Deep Reinforcement Learning Methods - Week-6 Highlights

This week I continued working on async one-step q-learning. The major challenge this week is to make the test case success in the Travis CI. It's quite tricky. I tuned the architecture of the network and hyper-parameters, it only costs 2s in my mac but still costs almost 10 minutes in the server, even I reduce the amount of the workers to 4. So I have to try pre-trained network. It's weird that if I set the amount of workers to 0 and only have test process with the pre-trained converged network, it will fail (this only happens in ther server). So I have to set the amount of the workers to 1. Although I don't know why it works. TrainingConfigclass is quite useful in terms of passing in hyper-parameters, however it doesn't conform with the newest mlpack API style. But I assume rl methods won't interact with CrossValidation helper, so I guess the newest API style won't influence my project much. The PR for async one step q-learning is almost ready, hopefully it can be merged within 2 days.


Deep Reinforcement Learning Methods - Week-5 Highlights

This week I started to work on implementing async deep rl methods. Async one step q-learning is the first. I had an exaustive discussion with Marcus about the best design pattern and finally made it with policy based design. I succeeded in implementing async one step q-learning with OpenMP, and I believe my framework can be easily extended to async n-step q-learning, async one-step Sarsa. However, for A3C, extra effort is expected. I tested my implementation in Cart Pole domain, it works well and is very stable. However it doesn't work well in Travis CI. My understanding is the machine in Travis CI doesn't have as good performance as my laptop. And this test needs 18 threads simutaneously, if the parallelization of the machine is bad, the performance of the agent will be heavily hurt. I'm still seeking for solution for this.


Deep Reinforcement Learning Methods - Week-4 Highlights

This week I finished the update of optimizer API. I think the PR is now ready to merge.
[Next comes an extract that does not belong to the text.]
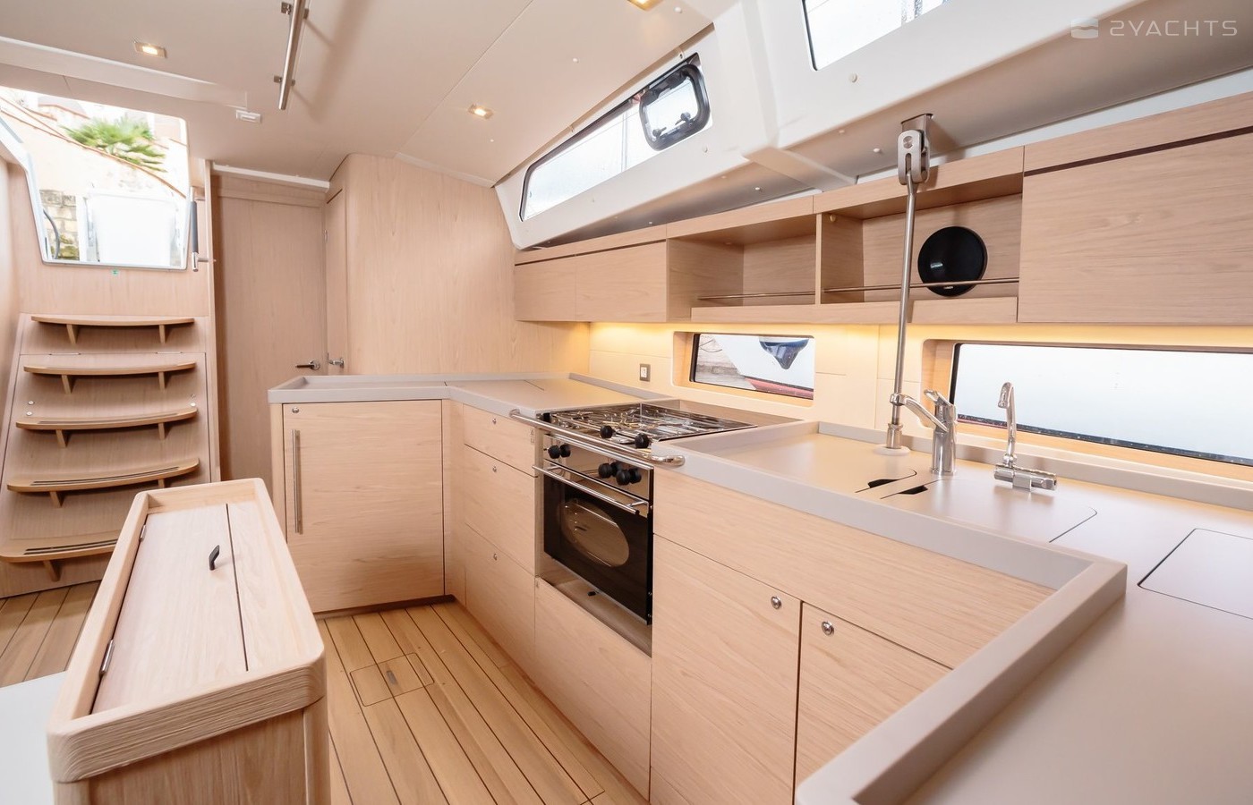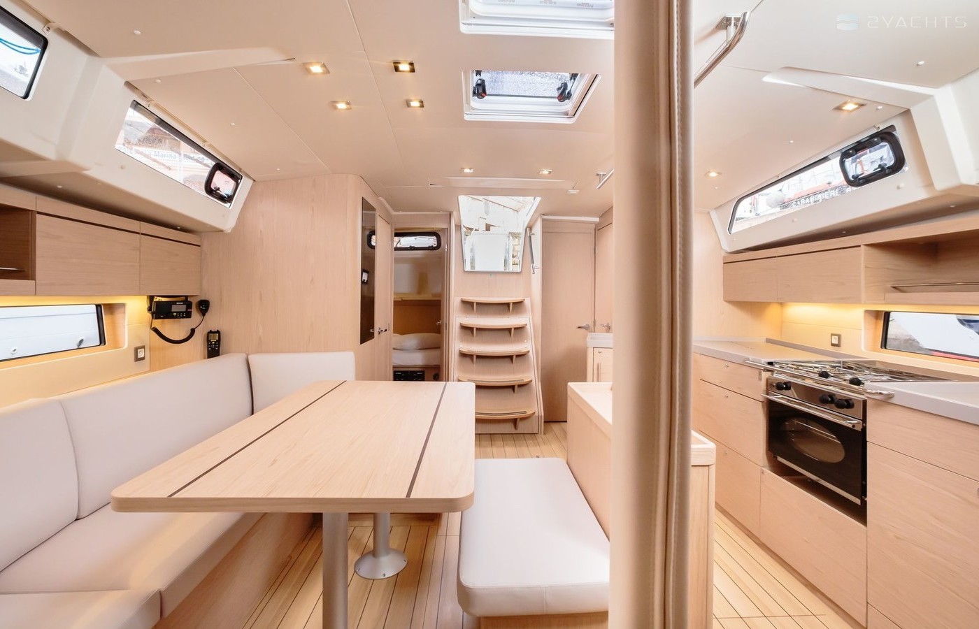 Boat equipment features rolling mainsail, electric winches, bimini and bow thruster. It also boasts a heating, air conditioning, an audio system, outside speakers and inside speakers. The fully-equipped galley includes a microwave, coffee machine, oven, cooker and sink.

Thanks Ryan for helping me with some complicated optimizers. I also worked on exposing Forward and Backward of FFN, and the support of real batch mode. To do this, we need to look into all the LayerType and make sure they are compatible with matrix (before this we only use vector). Thanks Marcus for helping me with conv related layers. There is also another PR about this, which is almost ready to merge. I also investigated OpenMP, it's really amazing that OpenMP doesn't support shared class memeber variable -- to do this, I have to copy the class member variable to a new local variable I also learned some synchronization mechanism of OpenMP. In addition I noticed in the mailing list that some guy is going to implement HOGWILD, but I don't think my async RL will benefit much from that -- the key point of async RL I think is async agents rather than async gradient computation.

BTW I will have a two-week break starting from tomorrow due to DLSS/RLSS in Montreal. During that period I'm afraid I can't work on new PRs. But I think I can still work on the two existing PRs to fix some issues if necessary and make sure they get merged before I'm back.


Deep Reinforcement Learning Methods - Week-3 Highlights

This week I continue working on the DQN PR, and finally make it merged. It's amazing that for CartPole with Double DQN, a samll network with only 20 hidden units is better than a bigger one. I also worked on updating optimizer API. It's really a huge project, with much much more work than I expected. During this process, I started to miss pointer -- pointer parameter can have default value but non-const reference parameter cannot. So I have to write overloaded function to allow default parameter. It is still confusing me why c++ doesn't allow binding a rvalue to a non-const lvalue reference, I think sometimes we do need this feature.


Deep Reinforcement Learning Methods - Week-2 Highlights

This week I mainly worked on merging my DQN PR. During the merge process, many new ideas came out. For example, we decided to use pass-by-value convention to replace old const lvalue reference and rvalue reference overloads for API. This will give user more flexibility and make mlpack codebase more compact. We also decided to totally separate model instance and optimizer instance, which is necessary for asynchronous deep RL methods and is also helpful for the hyperparameter tuner project.

Furthermore, I realized my old design for the abstract interface of asynchronous methods has a fatal disadvantage -- it cannot support LSTM layer for A3C. So I totally redesigned the abstract interface and tested my new design with PyTorch with Atari games. I also tried some interesting things for async deep RL methods like non-centered target network, target network without lock.


Deep Reinforcement Learning Methods - Week-1 Highlights

This post contains work that has been done until now from about Feb.

This Deep RL project will implement DQN (and its variants) and several asynchronous deep rl methods. Until now basic DQN (ready for classical tasks like CartPole) has been finished and is being merged. Skeleton of async methods is also finished.

I have surveyed bunch of DQN and A3C implementations in TensorFlow and PyTorch to find the best practice. Furthermore, I implemented DQN, async Q-learning, async n-step Q-learning and async Sarsa from scratch in PyTorch. This highly modularized PyTorch implementation can be found here. All these implementations work well with CartPole. And I also tested DQN with BreakOut and A3C with Pong.

The future work will mainly be porting my PyTorch implementation to MLPack.